Virtual universes compared: Microsoft WorldWide Telescope, Celestia, Hayden’s Digital Universe

A few days ago, Microsoft Research Labs released a major beta update to their free WorldWide Telescope (Windows only). Among its many improvements, the “Autumnal Equinox” release includes a new way of exploring the universe — instead of just zooming in on photographs of the night sky as seen from Earth (as you do with Google Sky), you can now also travel through a 3D model of the Solar System, the stars in our galaxy and out past the furthest observable galaxies and quasars, giving you a fantastic view of the superstructure of the universe.

This is the first time that a 3D visualization of the furthest observable objects in the universe has been made so accessible to the casual user, for free. Similar data has been freely available for a while (for Windows, Mac, and Linux) if you know where to look. In this post I’m going to look at the state of these virtual universes, now that Microsoft has entered this application space.

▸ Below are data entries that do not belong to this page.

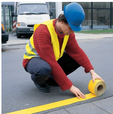
Slika 6. Pričvršćivanje trake na kolničku površinu

Trajnim se trakama smatraju sve one čiji je vijek trajanja duži od godinu dana i takve se trake najčešće postavljaju na nove asfaltne površine. Privremene se trake upotrebljavaju za izradu privremene regulacije prometa i najčešće se lijepe na površinu kolnika. Najveća je razlika, u odnosu na trajne trake, to što privremene trake u sebi imaju ugrađenu armaturnu mrežicu koja olakšava uklanjanje oznaka [11]. Postupak pričvršćivanja trake na kolničku površinu prikazan je na slici 9.
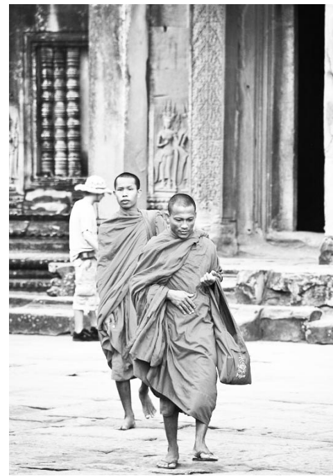
Буддийские монахи продолжают жить в Ангкор Вате, проводить службы и поддерживать порядок.
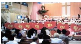
为进入“背诵经文竞赛”决赛的圣徒声援的大田万民教会圣徒们(场所：万民中央教会主堂)

迦南时代即将到来，装备话语凸显为必备条件之一，大田万民教会以身作则，竭力于装备话语，成为顺从的榜样。下面一同来看看大田万民教会是如何做的。
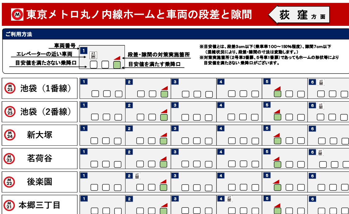
ホームページ公表イメージ（丸ノ内線）

プラットフォームと車両床面の段差・隙間に関する情報の公表概要は、別紙のとおりです。
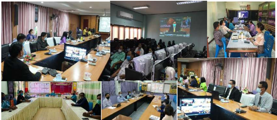
การจัดประชุมทางไกลในการขับเคลื่อนการจัดการเรียนการสอนทางไกล ในสถานการณ์การแพร่ระบาดของโรคติดเชื้อไวรัสโคโรนา 2019 (COVID-19)

Microsoft’s 3D view of the universe most clearly lends comparison to the current open-source favorite, Celestia (for Windows, Mac and Linux). It too simulates the Solar System and nearby stars, and with a bit of effort you can upload a database of around 250,000 galaxies far far away, taken from the Sloan Digital Sky Survey (SDSS). Microsoft says its galaxy database contains half a million objects, but doesn’t name the source. A third free virtual universe worth looking at is Digital Universe, by NYC’s Hayden Planetarium, a massive downloadable dataset that comes with PartiView (for Windows, Mac and Linux), its own (highly quirky) viewer.

I most want to compare the view for these three free apps from >1 gigaparsecs out, as this is where it gets to be the most mindblowing, but first let’s look at how WWT and Celestia compare on their respective renditions of the Solar System.

WWT beta’s Solar System doesn’t yet eclipse Celestia’s, which is still a much more polished piece of work for this kind of exploration. For example, check out the shadows on Saturn; Celestia doesn’t just render the shadow of Saturn on the rings, but of the rings on Saturn, unlike WWT.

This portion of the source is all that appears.